To accommodate these important kidney-heart interactions, a novel five-classed
definition of cardiorenal syndromes (CRS) has been proposed.[8] In this
classification, types 1 and 2 represent the acute and chronic forms of the
'classic' cardiorenal syndrome, in which decreased cardiac function induces a
progressive and potentially permanent decline in kidney function. Similarly,
types 3 and 4 represent the acute and chronic forms of the 'renocardiac'
syndrome, in which primary kidney disease induces acute (for example, heart
failure, arrhythmia) or chronic (for example, hypertrophy, coronary
atherosclerosis) cardiac disorders.

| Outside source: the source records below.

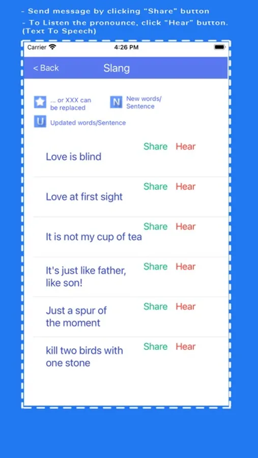 There are four categories which allow user to send messages in English such as basic sentences, greeting, slang and love.
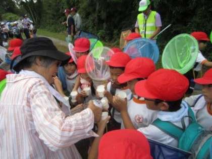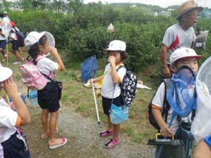 葉瀬森用水から魚つかみをする伊保橋の下まで移動する途中、保全会のメンバーの方が所有する茶畑があります。この周辺では珍しい茶畑です。そこで栽培された「三年番茶」をいただきました。子どもたちは、冷やされた番茶を美味しくいただきました。おかわりしている子どもも多かったです。
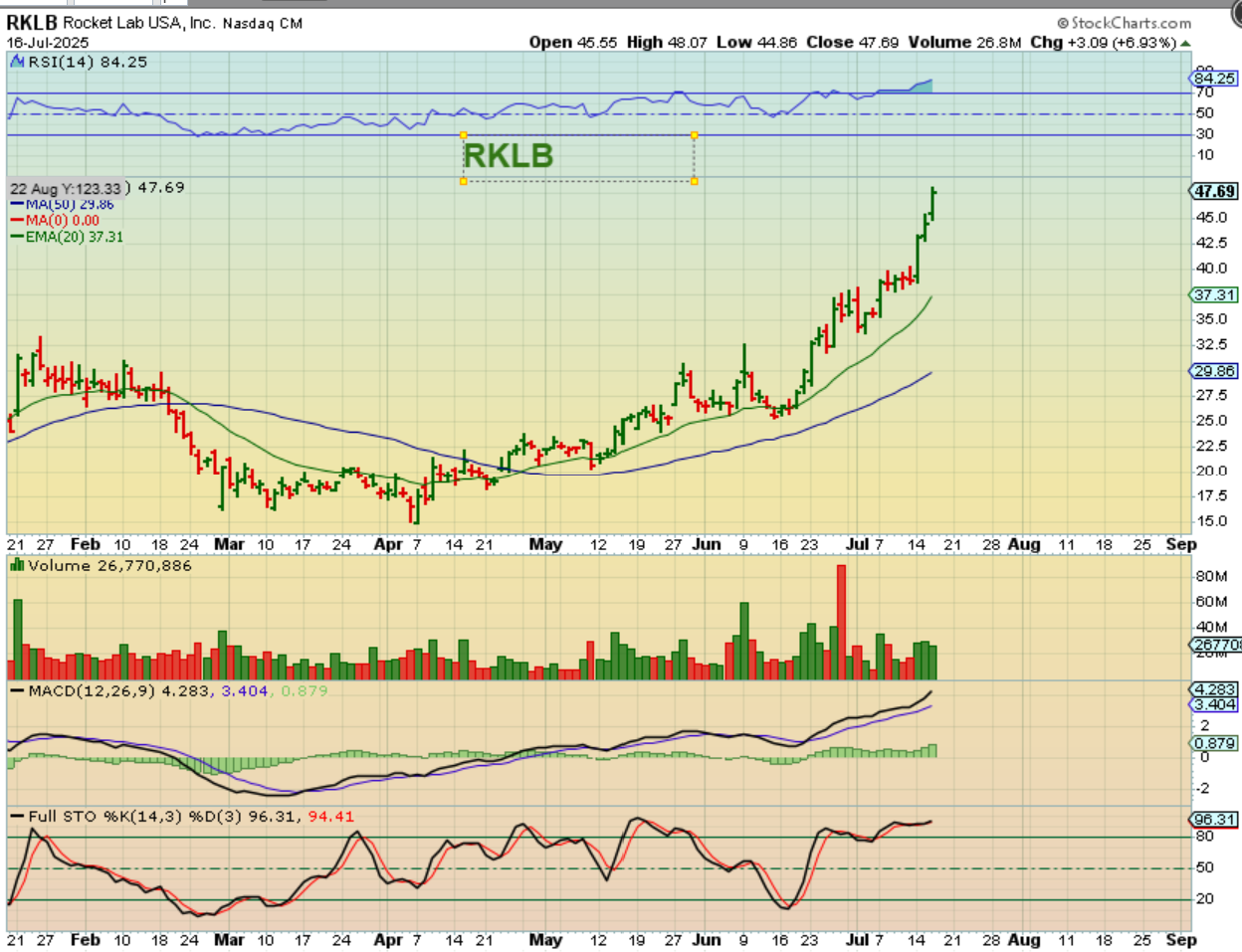 RKLB (See also AAOI, ENVX, NVDA, etc) was one of my favorites before the crash, and look at the rally since just the middle of June. 100% 🙂 My position was much smaller than it should have been! I reduced during the choppy middle expecting a dcl.

An additional type 5 includes systemic
diseases such as sepsis, amyloidosis, and systemic lupus erythematosus that are
able to induce cardiac as well as renal dysfunction.

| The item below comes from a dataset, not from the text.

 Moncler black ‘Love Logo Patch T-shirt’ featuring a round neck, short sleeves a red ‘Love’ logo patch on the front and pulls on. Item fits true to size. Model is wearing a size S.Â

Hence, the ability of two markers of cardiac dysfunction to predict progression
of primary kidney disease, described by Dieplinger and his co-workers,[2]

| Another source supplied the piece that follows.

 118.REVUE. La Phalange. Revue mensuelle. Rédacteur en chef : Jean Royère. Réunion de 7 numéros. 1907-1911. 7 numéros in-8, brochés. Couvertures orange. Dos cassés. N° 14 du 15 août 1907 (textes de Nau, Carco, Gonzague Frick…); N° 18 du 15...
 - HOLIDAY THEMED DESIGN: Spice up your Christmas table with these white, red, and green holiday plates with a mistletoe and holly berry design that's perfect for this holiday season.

highlights the prognostic importance of the chronic cardiorenal syndromes (CRS
types 2 and 4).

Unfortunately, this obvious pathophysiological link between CKD and cardiac
dysfunction is confronted by a significant underprescription of cardiovascular
disease-modifying pharmacotherapy in CKD patients. A recent, alarming study
investigating patients after acute myocardial infarction found less than 50% of
all CKD patients to be treated with a combination of aspirin, beta-blockers,
angiotensin-converting enzyme (ACE) inhibitors, and statins.[9] Only the
minority of CKD patients receiving standard combination drug therapy experienced
30-day survival similar to that of non-CKD patients. This lack of
guideline-conforming therapy is generally caused by concerns over increasing
creatinine levels and potential nephrotoxicity. However, a short-term, ACE
inhibitor-associated increase in serum creatinine was found to reflect
successful nephroprotection in patients with renal insufficiency by a large
metaanalysis.[10]

While research activities in the cardiorenal syndromes are only beginning to
grow and consensus definitions are only being discussed, clinicians may
presently not be able to stop the vicious cycle of declining renal and cardiac
function but can nevertheless significantly slow down its progression. Treating
the shared risk factors by adequately lowering blood pressure and sufficiently
blocking the renin-angiotensin system as well as by controlling diabetes
mellitus, treating dyslipidemia, and advocating smoking cessation remains of
pivotal importance. We as clinicians need to consider and attempt to use these
powerful tools in all our CRS patients.